Hint: First consider the case that all 3 chosen elements are distinct, and count the possibilities (taking into account that order doesn't matter). Then consider the case when exactly 2 chosen elements are equal, and count the possibilities. Finally count the possibilities when all 3 elements are equal.

Answer 3

Let us suppose that we have $m$ distinct object "types," but many objects of each type. You want to select $k$ objects, where selections may be repeated. Consider the equation $$x_1+x_2+\cdots+x_{m}=k.\tag{1}$$ Any selection of $k$ objects, not necessarily distinct, corresponds to a solution of Equation (1) in non-negative integers. Here $x_i$ is the number of Type $i$ objects selected.

It is a standard result that Equation (1) has $\binom{m+k-1}{k-1}$ solutions.
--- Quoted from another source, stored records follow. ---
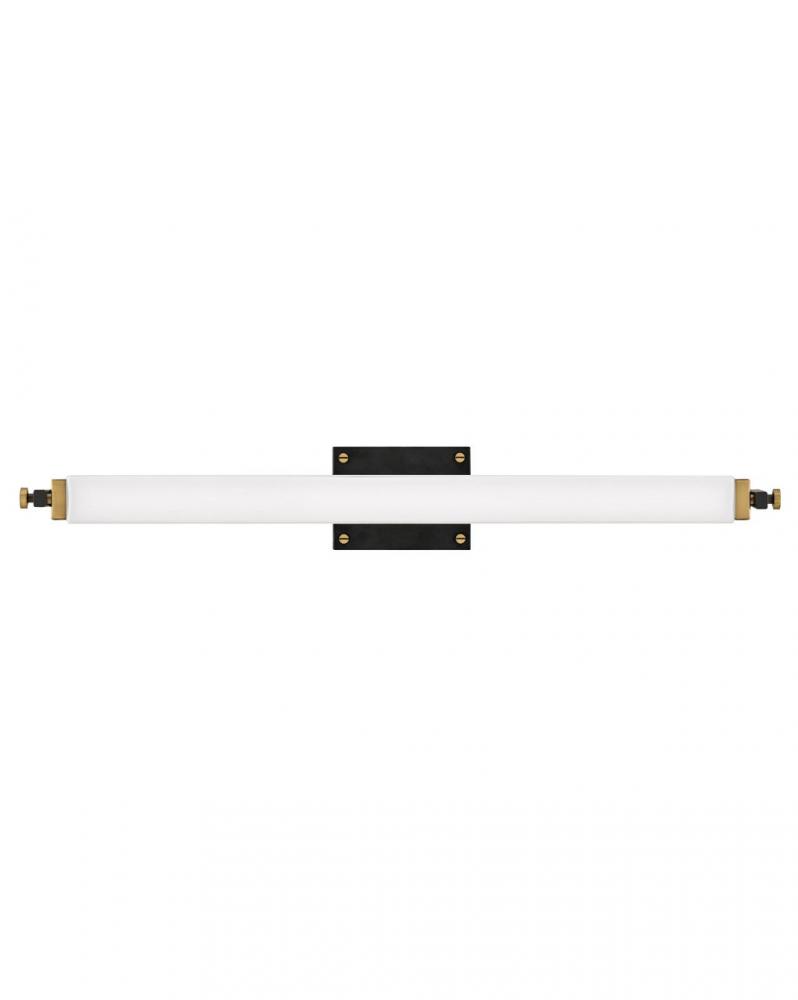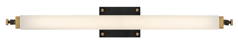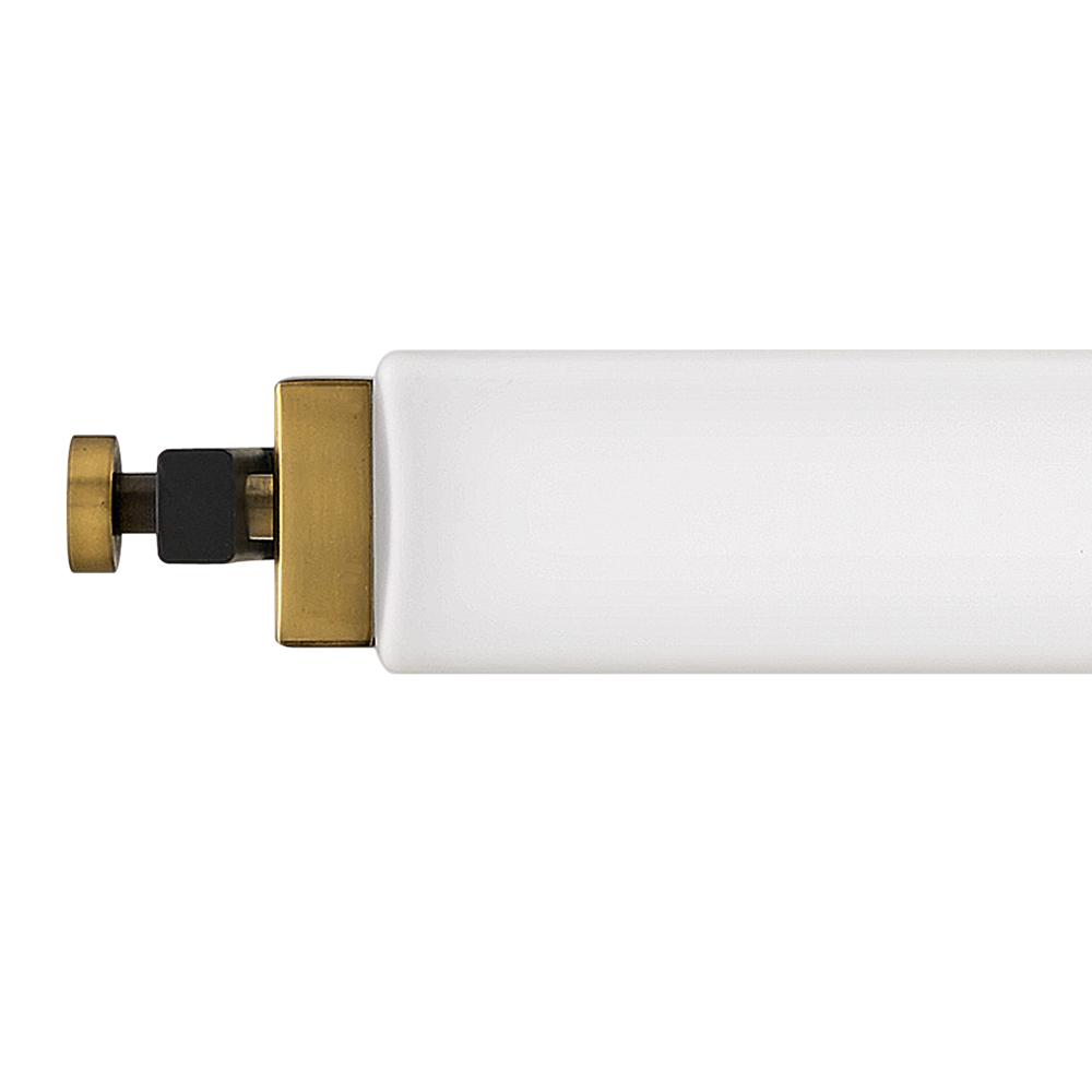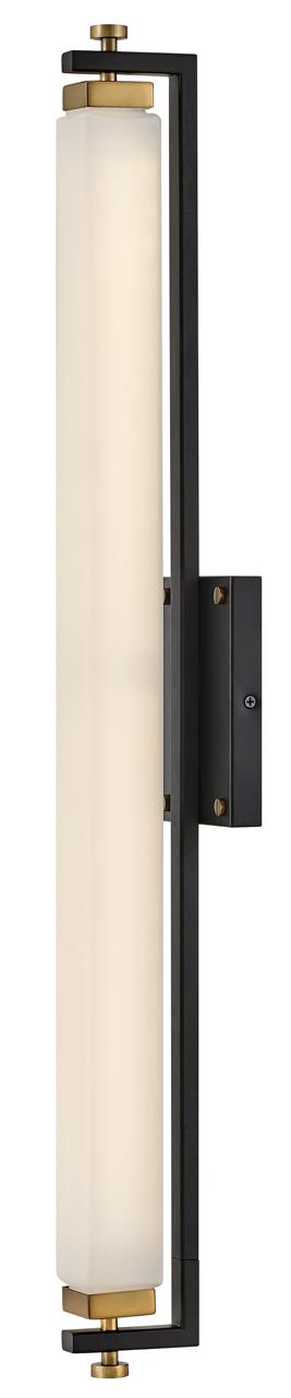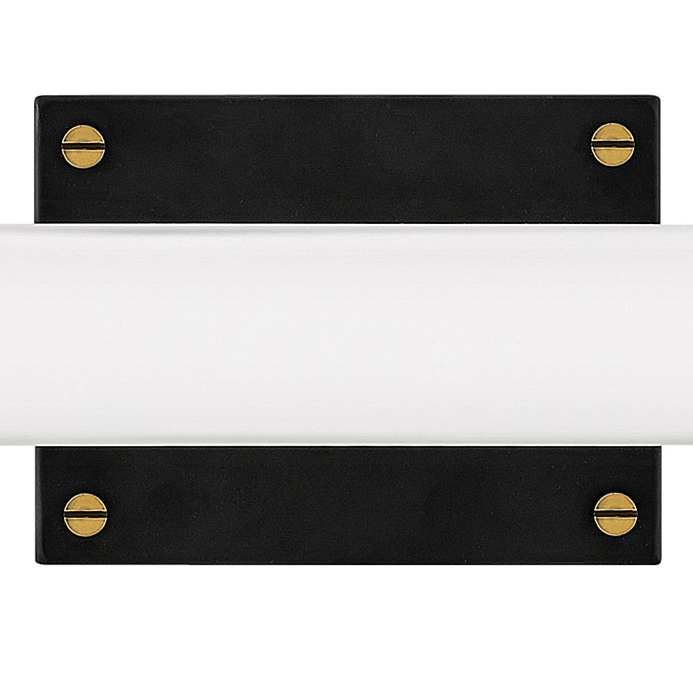 Rollins is both industrial in form and transitional in style. Unique rectangular etched opal glass has softly rounded edges offset by contrasting details on the backplate and the square knobs anchoring either end. This integrated LED design comes in two finish combinations, Black with Chrome and Black with Heritage Brass, and can be hung both vertically and horizontally.
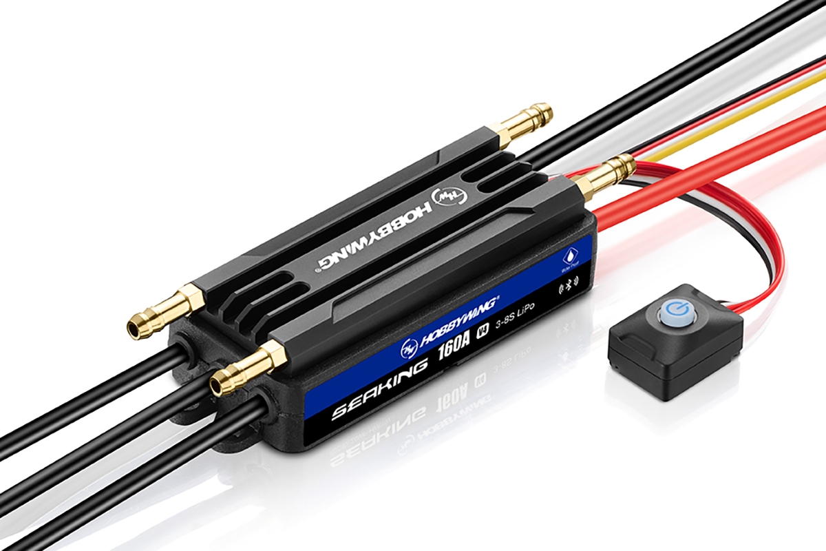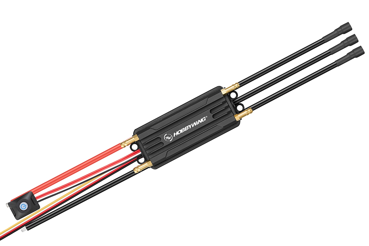 Obousměrný regulátor firmy Hobbywing speciálně určený pro modely lodí. Ideální pro rychlostní čluny do délky 1200mm a velké makety. Trvalý proud 160A, špičkový 800A. Spínaný BEC 6,0/7,4/8,4V 8A. Napájení 3-S LiPo. Hmotnost 22g. Rozměry 91x41x25,5mm. Vodotěsný a vodou chlazený. Vestavěný Bluetooth pro snadné programování v mobilní aplikaci HW Link.
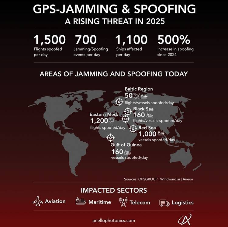 图1 全球导航卫星系统(GNSS)的干扰与欺骗威胁,正对商业及国防领域形成持续升级的影响。(来源:ANELLO Photonics)
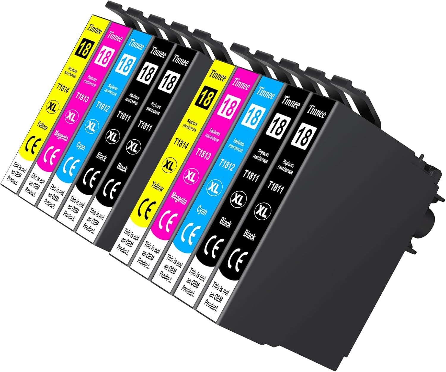 Tinnee 10 Paquet 18XL Cartouches d'encre, Remplacer Les Expression 18XL 18 XL Cartouches, Compatible avec Epson Expression Home XP-205 XP-215 XP-225 XP-305 XP-312 XP-315 XP-322 XP-325
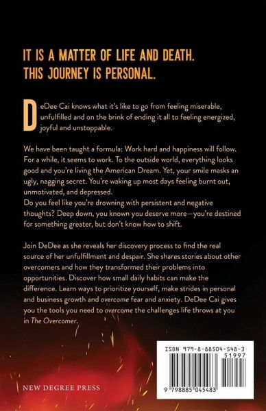 It was a matter of life and death. This journey is personal. DeDee Cai knows what it's like to go from feeling miserable, unfulfilled and on the brink of ending it all to feeling energized, joyful and unstoppable. We have been taught a formula: Work hard; wealth and happiness will follow. For a while, it seems to work. To the outside world, everything looks good and you're living the American Dream. Yet, your smile masks an ugly, nagging secret. Are you waking up most days feeling burnt out, unmotivated, and depressed? Do you feel like you're drowning with persistent negative thoughts? Deep down, you know you deserve more-you're destined for something greater, but don't know how to shift. Join DeDee as she reveals her discovery process to find the real source of her unfulfillment and despair. She shares stories about other overcomers and how they transformed their problems into opportunities. Discover how small daily habits can make the difference. Learn ways to prioritize yourself, make strides in personal and business growth as you overcome fear and anxiety. DeDee Cai gives you the tools you need to overcome the challenges life throws at you in The Overcomer.

For a good discussion, please see the Wikipedia article on Stars and Bars. There have also been many answers on MSE that use Stars and Bars.

Note that for your $3$ and $3$ problem, we get $\binom{6-1}{3-1}$, which is $10$. For your $10$ and $3$ problem, we get $\binom{12}{2}$. For $3$ objects to be selected, there are simpler ways to do the analysis, but for general $k$ Stars and Bars is the best approach.